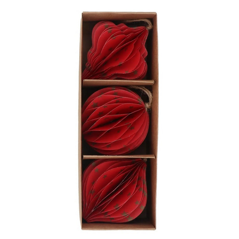 Bring festive sparkle to your tree with this charming set of three paper honeycomb decorations from Gisela Graham. Each unique shape showcases vibrant red paper adorned with delicate matt gold stars that catch the light beautifully.
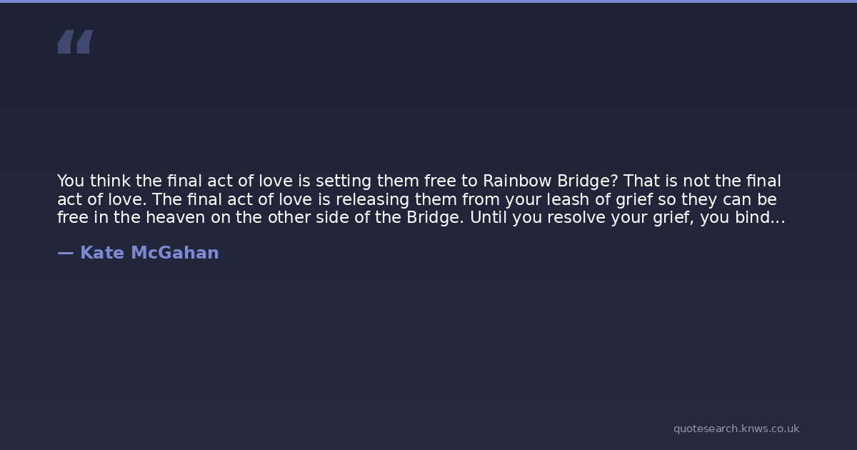 You think the final act of love is setting them free to Rainbow Bridge? That is not the final act of love. The final act of love is releasing them from your leash of grief so they can be free in the heaven on the other side of the Bridge. Until you resolve your grief, you bind them to you in the land between Heaven and Earth while they wait, suspended between the worlds, for you to heal. When you are free of your grief, they are free of your grief.
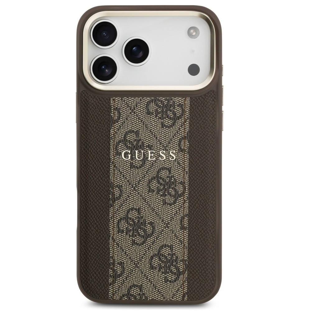 Guess 4G Stripe Apple iPhone 17 Pro MagSafe tok kameravédő kerettel, barna-arany

- **WORK REQUEST**: Reproduce the preceding material exactly, skipping pictures.

- **RESPONSE TO THIS EXERCISE**:
 Bring festive sparkle to your tree with this charming set of three paper honeycomb decorations from Gisela Graham. Each unique shape showcases vibrant red paper adorned with delicate matt gold stars that catch the light beautifully.
 You think the final act of love is setting them free to Rainbow Bridge? That is not the final act of love. The final act of love is releasing them from your leash of grief so they can be free in the heaven on the other side of the Bridge. Until you resolve your grief, you bind them to you in the land between Heaven and Earth while they wait, suspended between the worlds, for you to heal. When you are free of your grief, they are free of your grief.
 Guess 4G Stripe Apple iPhone 17 Pro MagSafe tok kameravédő kerettel, barna-arany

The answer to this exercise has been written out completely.